RapTOR is another example of an approach that meshes well with small desktop sequencers.
“By suppressing host sequences, one could obtain the same level of sequencing data on the pathogen using an Illumina MiSeq instead of a higher-throughput machine,” Dr. Lane commented. “This has the additional value of reducing the size of the overall dataset that must be run through bioinformatics analysis. It is much faster and easier to analyze the dataset from a MiSeq run versus that from a HiSeq.”
While RapTOR is not quite ready for clinical deployment, “In the next 1–2 years we would like to demonstrate the effectiveness of our technology in the clinical microbiology/virology arena,” said Dr. Lane.
“We believe that there will be more routine use of sequencing in the diagnosis of infection. Our technology will serve to reduce the barriers, in terms of instrumentation and data-analysis costs, to the adoption of sequencing by clinical labs.”
Short Tandem Repeats
Brian Young, Ph.D., Daniel Bornman, and Seth Faith, all from the Battelle Memorial Institute, took on the challenge of short tandem repeat (STR) analysis from short read sequencing data.
A STR, also called a simple sequence repeat (SSR) or microsatellite, is a sequence of 2 to 6 base pairs that is repeated a variable number of times, depending on the allele. Thirteen highly polymorphic STRs are used as genetic markers in the Combined DNA Index System (CODIS), a database maintained by the FBI for use in identifying crime suspects.

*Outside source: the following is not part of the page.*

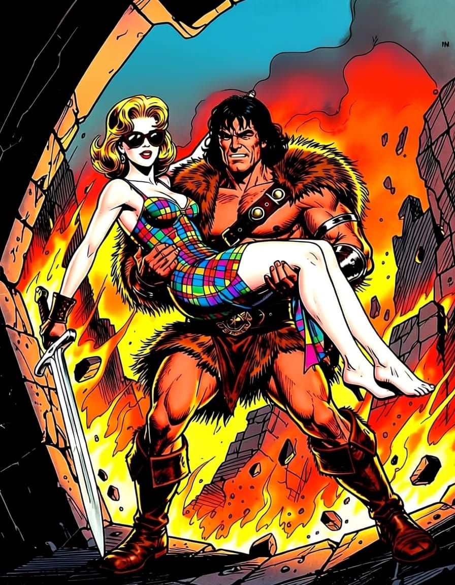This dynamic illustration captures Conan the Barbarian carrying a woman from a burning, collapsing tower. The scene emphasizes a rugged warrior aesthetic against apocalyptic chaos.

According to Dr. Young, who serves as technical director of identity management at Battelle, there are two main challenges in using NGS data to determine STR genotypes.
“First, the sequence reads must be long enough to completely span all of the possible alleles at the STR locus,” he said. “Overlapping reads (either multiple single-end or mate-paired) do not work since the overlapping potions would fall within the polymorphic tandem repeat region, providing no unique signature to anchor an overlapping match. The second challenge is accurately calling the one (homozygous) or two (heterozygous) alleles represented in the sequencer reads.”

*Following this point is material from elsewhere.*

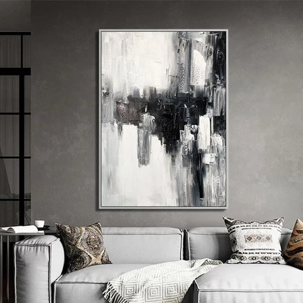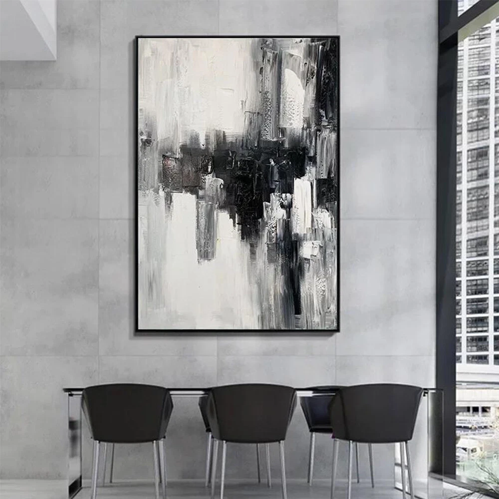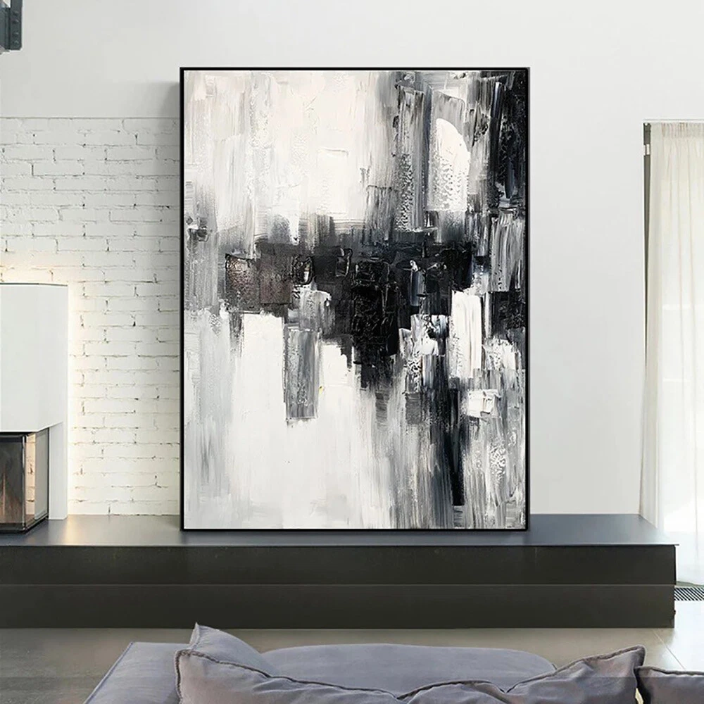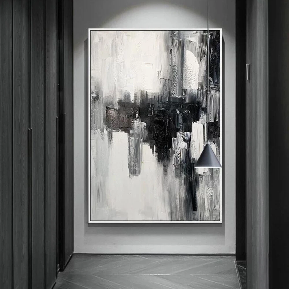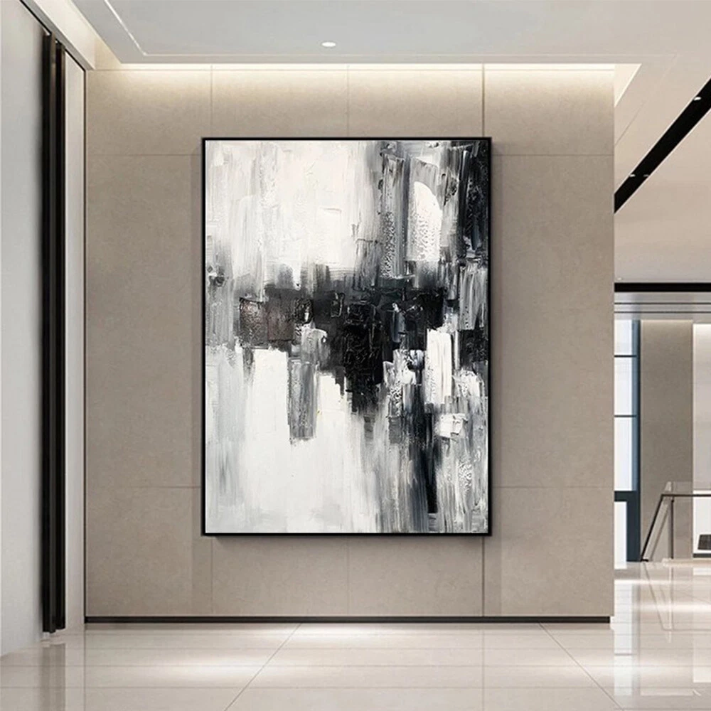 Hand Painted Abstract Wall Art Painting On Canvas Black White Picture Room

In facing these challenges, Dr. Young noted, “We are not aligning and assembling entire genomes in order to make allelotyping calls. Rather, we are developing work flows that use computationally efficient filters to first classify sequencer reads into informative and noninformative groups. Then allelotyping is performed using just the reads informative for a particular multilocus genotype.”
Regarding the filtering step, he elaborated, “Our filter uses wavelet packet decomposition to rapidly classify reads into two bins: those that contain repeat sequences and those that do not. This approach is faster than alternative character-based classification procedures.”
The sequences that contain repeats are then aligned against a custom-made reference sequence consisting only of the targeted STR loci and their flanking regions. Bow-tie alignment software performs the alignment using this reference sequence in place of a full reference genome.
A major advantage of this very focused analysis of heavily filtered sequence information is that it does not require high-performance computing power.
“Our approach can provide same-day analysis using ordinary PCs running in nonlaboratory environments such as police stations or in deployed military scenarios,” said Dr. Young. “The same concept is applicable to sequencer-based medical devices running in medical clinics.”